* [Assignment]:
Images are not part of the copy; transcribe all the data exactly.

* [Source data]:
--------
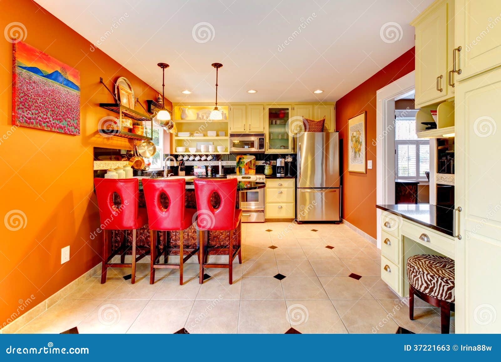 Sala Acolhedor Da Cozinha Das Cores Mornas Imagem De Stock
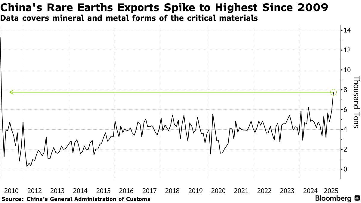 自4月初以來,稀土行業一直處於混亂狀態。當時主要供應國中國在與美國不斷升級的貿易對峙中實施了出口管制。這對所謂永磁體供應鏈造成最嚴重衝擊,而週一公佈的海關數據並未包含這類產品。
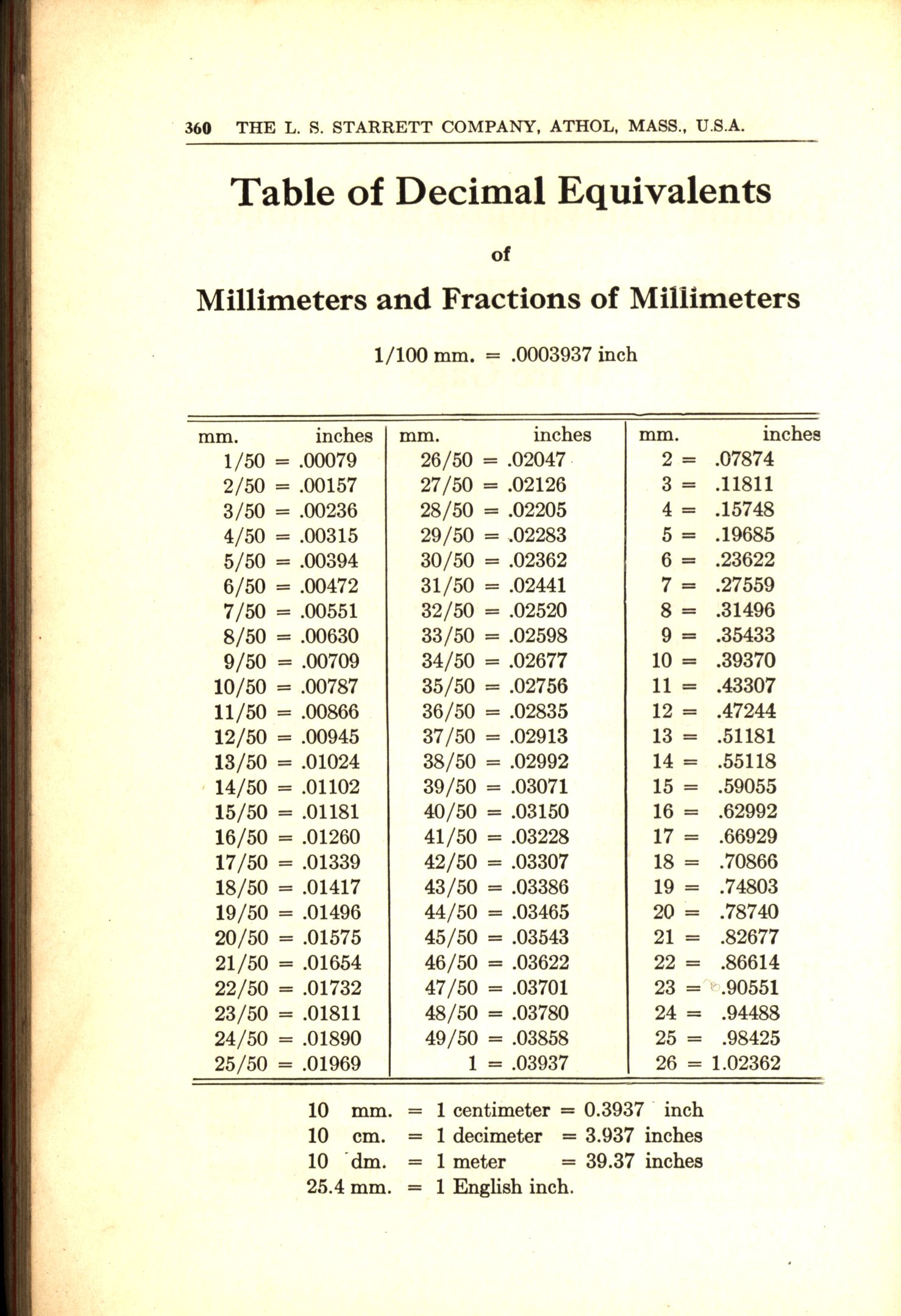 - Table of Decimal Equivalents, Millimeteres and Fractions of Millimeters to inches. From L.S.Starrett catalog no 25, 1935
--------
* [Answer section]:
 Sala Acolhedor Da Cozinha Das Cores Mornas Imagem De Stock
 自4月初以來,稀土行業一直處於混亂狀態。當時主要供應國中國在與美國不斷升級的貿易對峙中實施了出口管制。這對所謂永磁體供應鏈造成最嚴重衝擊,而週一公佈的海關數據並未包含這類產品。
 - Table of Decimal Equivalents, Millimeteres and Fractions of Millimeters to inches. From L.S.Starrett catalog no 25, 1935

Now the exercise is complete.